- Exercise aim:
Once you find the line with "4月16日,云岡研究院數(s" in the data below, transcribe exactly each line from there to the line with "전시가 예정돼 있다.", inclusive, and nothing else. Drop the pictures.

- Data under study:
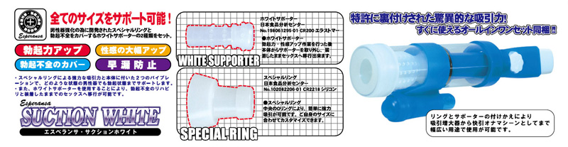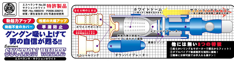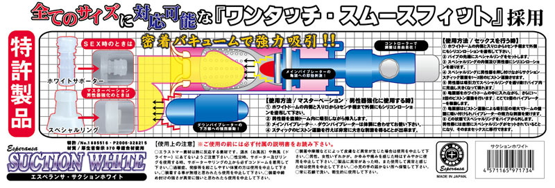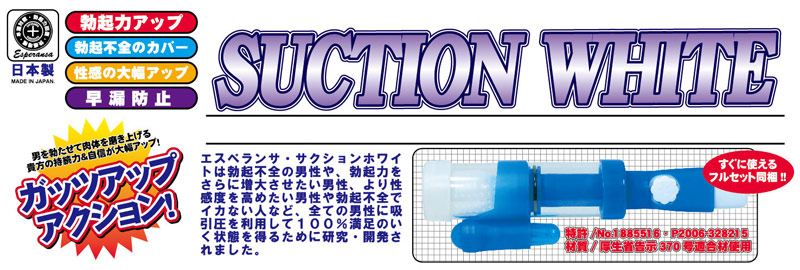 制的に勃たせフィニッシュさせる究極のマシーン完成!そんじょそこらの類似マシンとは違い、構造がすばらしい!外国製のマシンが多い中、安全と信頼の日本製で素材の品質も◎。通常のマシンは内部を真空状態にしてオトコを強制的にガチガチにさせるだけなのに、サクションホワイトはさらに快感ホールを組み合わせることで、吸引&快感のWアタックで攻めたてるんだ。強オナマシーンから増大ポンプまでこれ一台でフルカバー!本体サイズ:全長365mm×太さ52mm
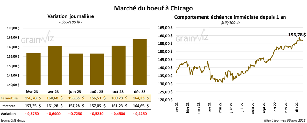 - Le 5 janvier dernier, le CME Feeder Cattle Index était en hausse de 15 cents à 180,46 $.
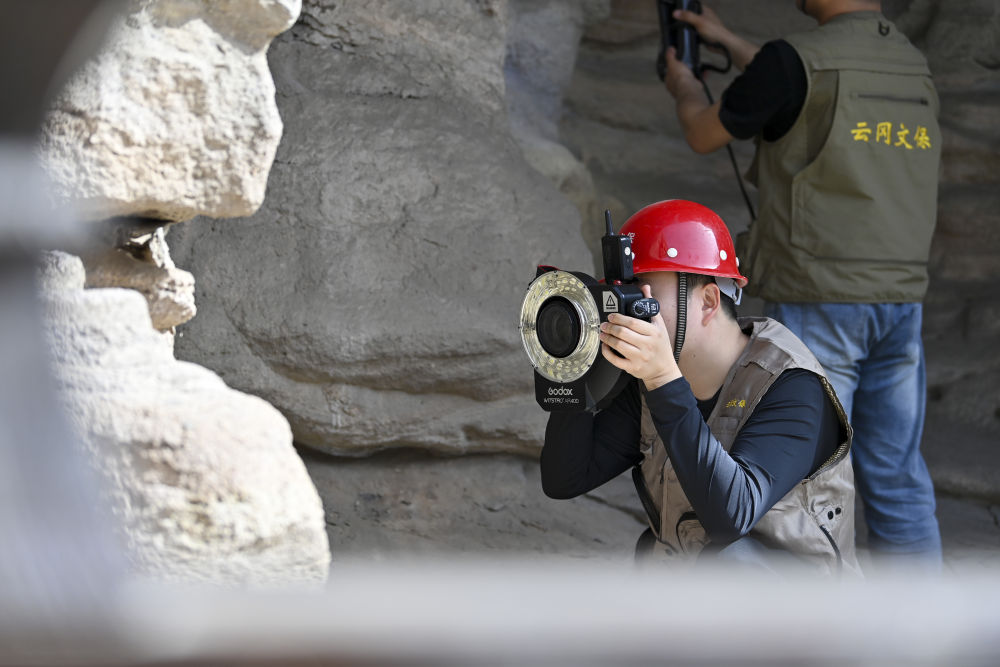 4月16日,云岡研究院數(shù)字化保護中心工作人員黃繹帆(左)在云岡石窟進行數(shù)字化信息采集。
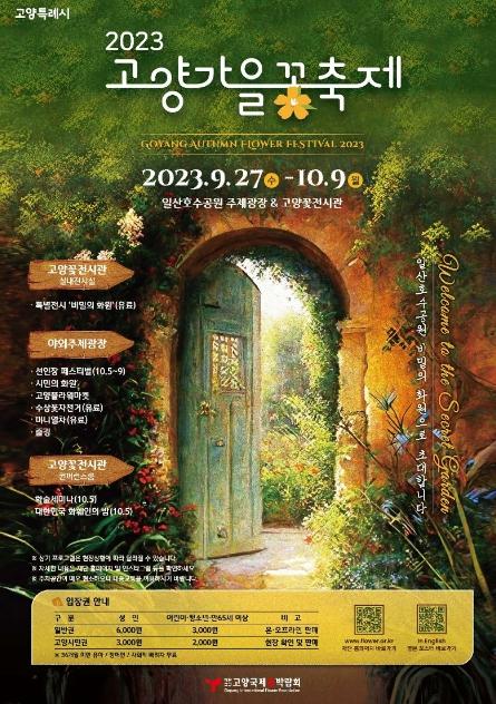 ‘2023 고양가을꽃축제’가 오는 27일부터 10월 9일까지 13일간 일산호수공원 고양꽃전시관과 주제광장 일원에서 열린다. 이번 축제의 메인 주제는 ‘비밀의 화원’으로 실내 공간인 꽃전시관에 1,000㎡의 몰입형 스토리텔링 공간을 조성한다. 또한 고양시에서 생산되는 장미 등 품종별 화훼 작품을 중심으로 화려하고 신비로운 전시가 예정돼 있다.
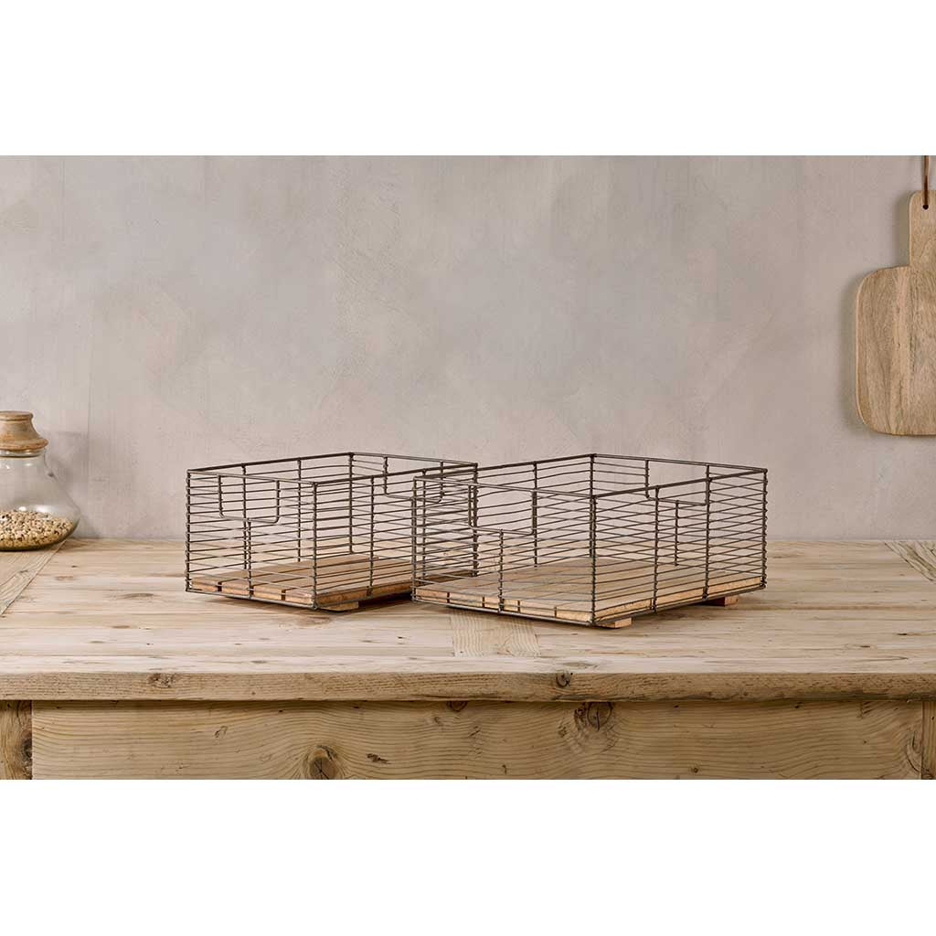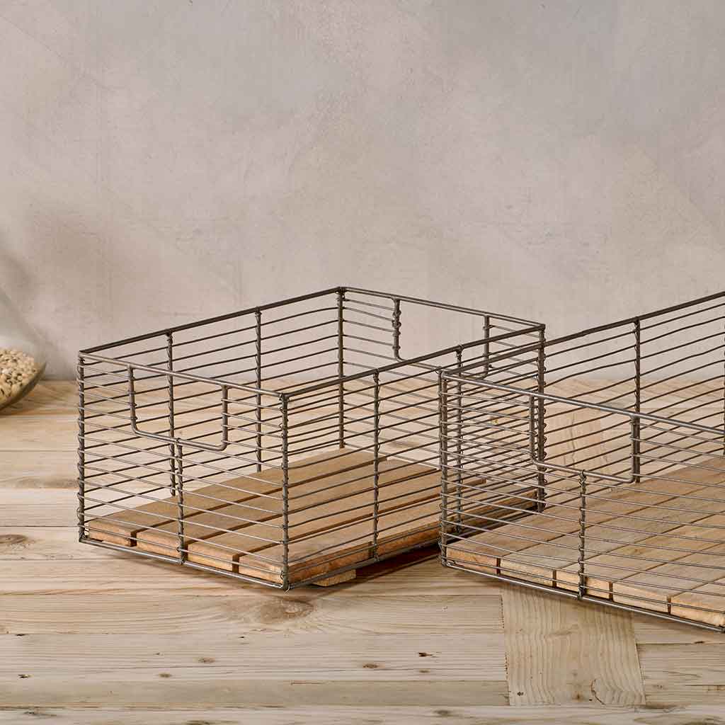 - Wire-sculpted iron baskets with sustainable mango wood bases

- Task output:
 4月16日,云岡研究院數(shù)字化保護中心工作人員黃繹帆(左)在云岡石窟進行數(shù)字化信息采集。
 ‘2023 고양가을꽃축제’가 오는 27일부터 10월 9일까지 13일간 일산호수공원 고양꽃전시관과 주제광장 일원에서 열린다. 이번 축제의 메인 주제는 ‘비밀의 화원’으로 실내 공간인 꽃전시관에 1,000㎡의 몰입형 스토리텔링 공간을 조성한다. 또한 고양시에서 생산되는 장미 등 품종별 화훼 작품을 중심으로 화려하고 신비로운 전시가 예정돼 있다.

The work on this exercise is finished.